New soybean options to boost pricing power, risk control
The Dalian Commodity Exchange (DCE) on Monday started the trading of three types of soybean and soybean oil options, a major step in China’s intensifying efforts to ensure food supply and bolster its pricing power and risk control capabilities in a volatile global market.
With the approval of the China Securities Regulatory Commission, soybean 1, soybean 2 and soybean oil options were listed on the DCE on Monday. The three options include a total of 840 trading contracts, among which 160 were listed for soybean 1 options, 408 were listed for soybean 2 options and 272 were for soybean oil options.
These options cover China’s entire soybean industry. Soybean 1 refers to domestic soybeans and soybean 2 refers to imported soybeans. These two categories constitute the raw materials for the nation’s soybean industry, media reported.

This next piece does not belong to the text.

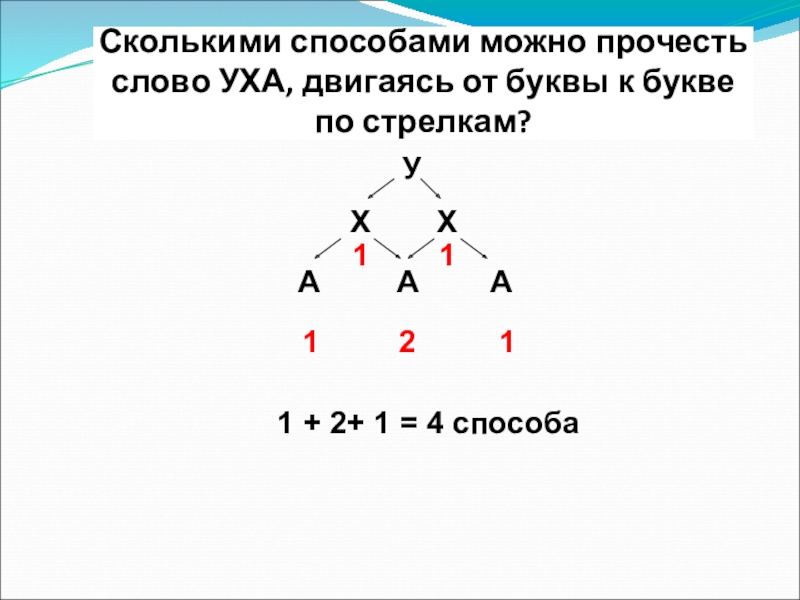 1 + 2+ 1 = 4 способа
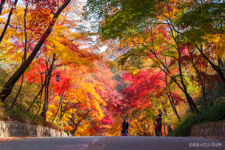 가을 단풍 여행이라고 하면 많은 사람들이 등산을 먼저 떠올린다. 그러나 산에 오르기 부담스럽다면, 남산 북측 순환로 코스를 추천한다. 서울 중심에 위치한 남산은 사계절에 따라 알록달록 다양한 색깔을 입는 것으로 유명하다. 특히 가을이면 울긋불긋한 단풍잎으로 갈아입고 한껏 화려한 모습을 자랑한다. 남산 북측 순환로는 남산 1호 터널부터 남산 3호 터널까지 이어지는 코스로 총 1.5km이다. 서울 전경이 내려다 보일 뿐 아니라 데크가 잘 설치되어 가벼운 산책에는 더 할 나위 없이 좋은 곳이다.

Adding to previously listed soybean-related options, the new options on Monday offer the industry a set of complete, sophisticated pricing and risk management tools, experts said.
“The soybean sector is highly marketized, with multiple sources of domestic and foreign risks,” said Li Guoxiang, a research fellow at the Rural Development Institute under the Chinese Academy of Social Sciences, told the Global Times.
“With controllable risks, market players could better perform their own functions to ensure market stability,” Li said on Monday.
“A more sound and mature commodity market could guide production, imports and exports, as well as help adjust supply-demand relations,” Li said on Monday.
Such a market is also very significant to China’s grain security, given that the country relies heavily on imported soybeans and stable prices are crucial to ensure supply, according to Li.
Imported soybeans have accounted for over 80 percent of China’s total consumption in the past 10 years, according to media reports.